- [The task]: Write the listing below out again exactly, dropping the images.

*** Provided data

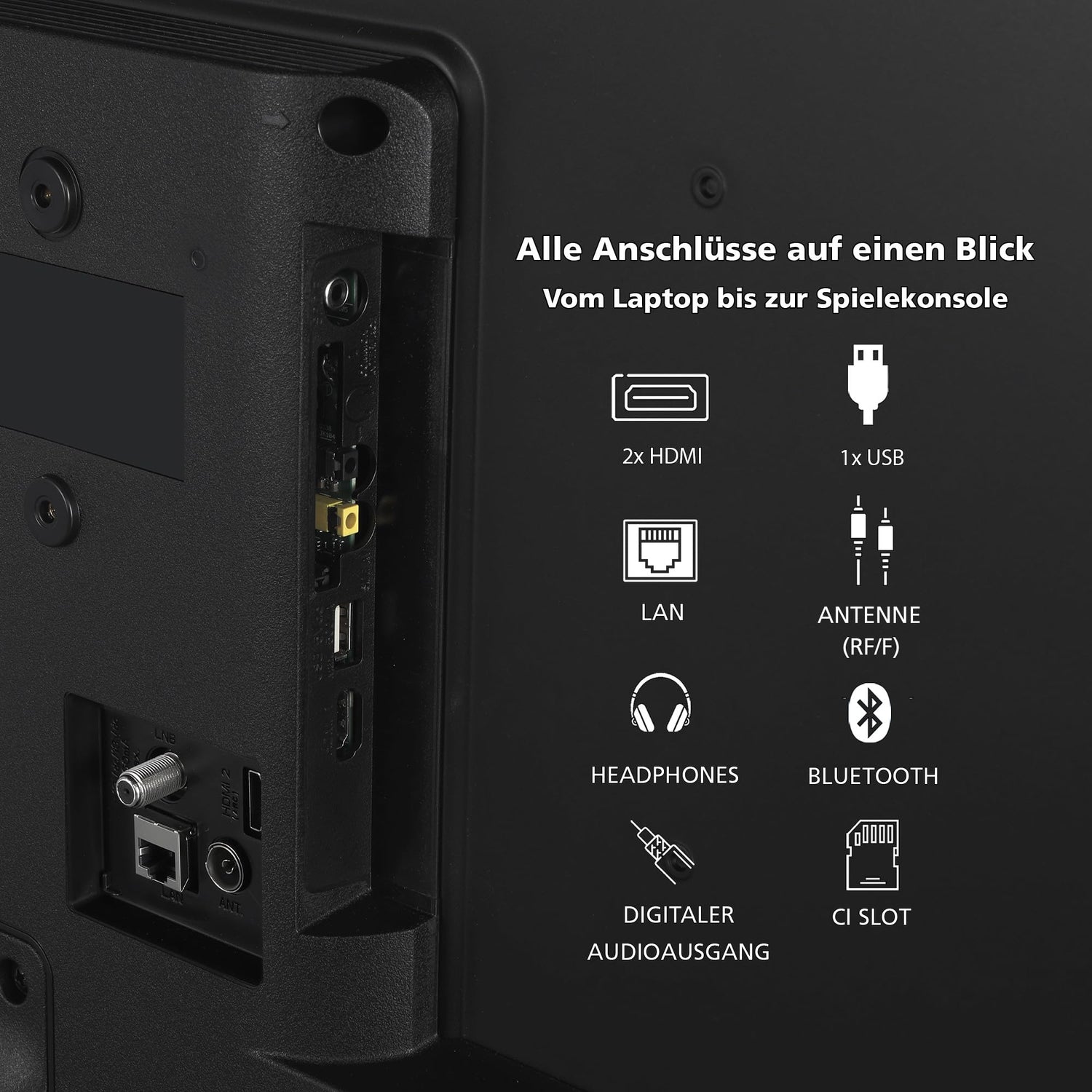 - MEHR ALS NUR EIN FERNSEHER - Der Flachbildschirm verfügt über eine Bildschirmdiagonale von 80 cm (32 Zoll). Über den integrierten Triple-Tuner empfangen Sie Fernsehen über Antenne (DVB-T2), Kabel (DVB-C) oder Satellit (DVB-S2) direkt auf dem Fernsehgerät. Ein zusätzlicher Receiver wird nicht benötigt.
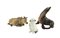 Tre animali in porcellana dipinti in policromia XX Sec. h. 17 - 10 cm. una mucca sdraiata manifattura Royal Copenaghen, un gatto e una foca manifattura Bing & Grondahl, marchio sotto le basi
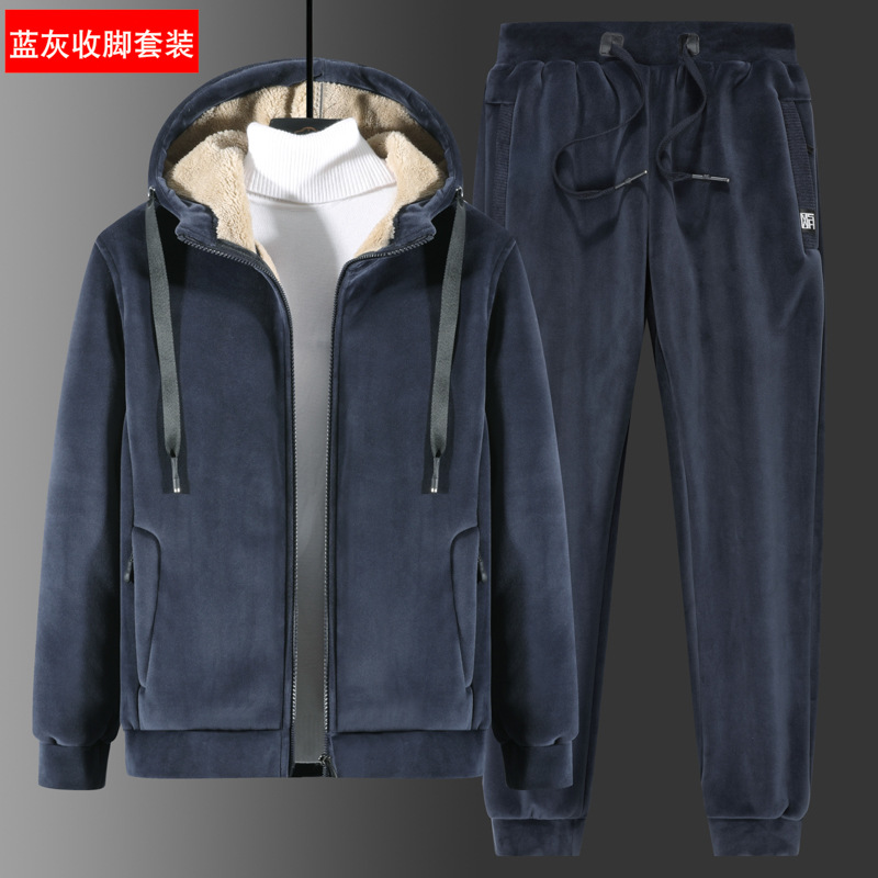 기모 두꺼운 겨울 실버 폭스 벨벳 플러스 사이즈 스웨터 세트 남자의 따뜻한 양고기 벨벳 재킷 남자의 스포츠웨어 투피스 세트스토어 가기
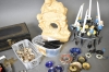 11648. Parti bla bestick, smyckesskrin och ljusmanchetter, högsta höjd 32 cm
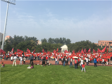 下午1点半,92级员工于田径场拍摄集体合影。

******

- [Written response]:
 - MEHR ALS NUR EIN FERNSEHER - Der Flachbildschirm verfügt über eine Bildschirmdiagonale von 80 cm (32 Zoll). Über den integrierten Triple-Tuner empfangen Sie Fernsehen über Antenne (DVB-T2), Kabel (DVB-C) oder Satellit (DVB-S2) direkt auf dem Fernsehgerät. Ein zusätzlicher Receiver wird nicht benötigt.
 Tre animali in porcellana dipinti in policromia XX Sec. h. 17 - 10 cm. una mucca sdraiata manifattura Royal Copenaghen, un gatto e una foca manifattura Bing & Grondahl, marchio sotto le basi
 기모 두꺼운 겨울 실버 폭스 벨벳 플러스 사이즈 스웨터 세트 남자의 따뜻한 양고기 벨벳 재킷 남자의 스포츠웨어 투피스 세트스토어 가기
 11648. Parti bla bestick, smyckesskrin och ljusmanchetter, högsta höjd 32 cm
 下午1点半,92级员工于田径场拍摄集体合影。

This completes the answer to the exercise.